/ Modified jan 24, 2020 4:38 p.m.

Treating chronic pain without an opioid prescription

A look at emerging options for patients.

When Gov. Doug Ducey declared an opioid emergency in 2017, new prescribing guidelines were rolled out to counter the increasing number of deaths from prescription opioids. As awareness rises about the risks these medications pose, so has the interest in alternative methods for treating chronic pain.

CBD advocate Joseph Ketterer had many concerns about the effects of opioids after chronic pain brought on by his years of military service led to several drug prescriptions. According to Ketterer, at one time he was on seven different pharmaceutical medications, including two potent opioids, Tramadol and Flexeril. The combination of drugs sent him on a downward spiral.

“It was devastating. I could not function. All I wanted to do was chew on a shotgun,” Ketterer said.

Ketterer gained about 70 pounds, he said, and the extreme highs and lows he experienced caused his marriage to collapse. He decided to stop taking opioids and try CBD.

“When I first started applying CBD topically, I was on seven different pharmaceutical medications. I don’t take any pharmaceutical medications today. And that was six years ago. That’s how long it’s taken for my system to repair itself.”
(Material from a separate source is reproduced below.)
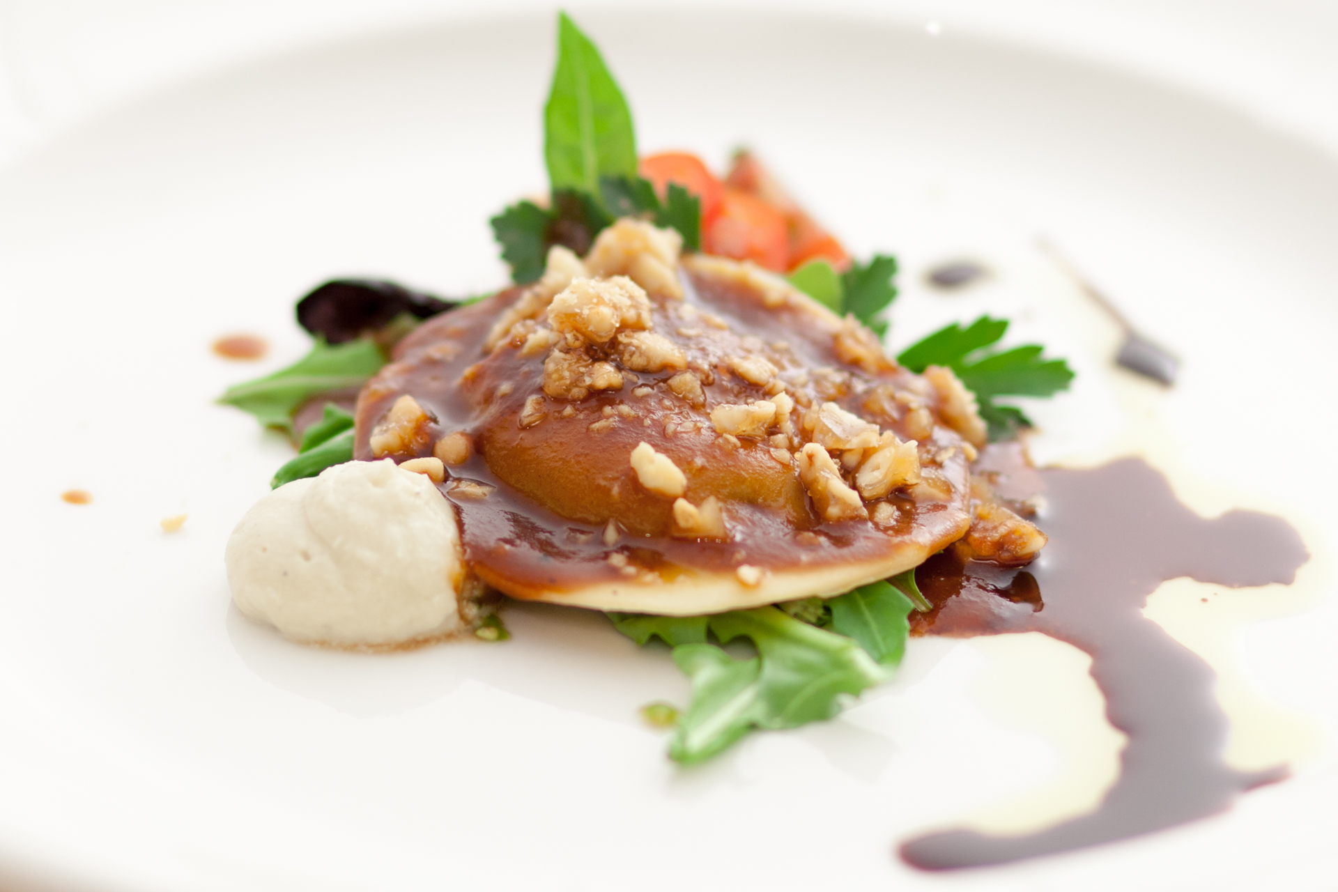 For our final consideration, Norm Pastorin sent out a single ravioli stuffed with venison, the pasta nicely judged in terms of tenderness, the meat deliciously seasoned. The dark sauce that dressed it seemed to echo the flavour of the braise. Dabs of a blue cheese mousse contributed richness and depth; a mound of eggplant caponata added refreshment and a valuable vegetable balance, as did the peppery arugula leaves scattered on top. A sweet crumble of candied pine nuts finished the idea.

Ketterer credits CBD ,or cannabidiol, for his recovery. CBD is the second-most prevalent active ingredient in cannabis, or marijuana, and is said to inhibit inflammatory and neuropathic pain without the side effects of opioids.

Arizona Addicted
Arizona Addicted is a multi-platform series that seeks to explain the impact of opioid use, tell stories of those affected, and highlight local solutions that aim to reduce the negative effect of this type of addiction.
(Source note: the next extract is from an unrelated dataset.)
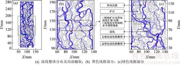 为更好地探究堆内局部的流线分布规律,以柱C为例,对柱内框选部分进行局部放大,如图6所示。其中,黑色线框上部为粗粒区,下部为细粒区,中部为粗-细交界处,见图6(b);绿色线框上部为细粒区,上部为粗粒区,中部为细-粗交界处,见图6(c)。

Eric Cornidez of the Pain Institute of Southern Arizona supports CBD. In addition to CBD, he said he’s seen some new developments over the last five years to address pain, like neuromodulation therapy, which involves implantable and nonimplantable devices that deliver electrical or chemical agents to modify brain and nerve cell activity.

“We’re no longer manipulating just the signal of pain, but we’re manipulating the impact that signal has on our bodies and our minds, too. And that’s amazing to be able to pinpoint nerve structures to manipulate that signal here with minimal side effects,” Cornidez said.

He also is hopeful about a new medication about to hit the market called ATA-121, which is said to decrease pain by stimulating and blocking pain receptors without the “high” associated with opioids. While there are many other alternatives to opioids, Cornidez said it’s important for people to be realistic, open minded and patient because not all methods are a good fit for everyone, and it can take time for a person to find the right one.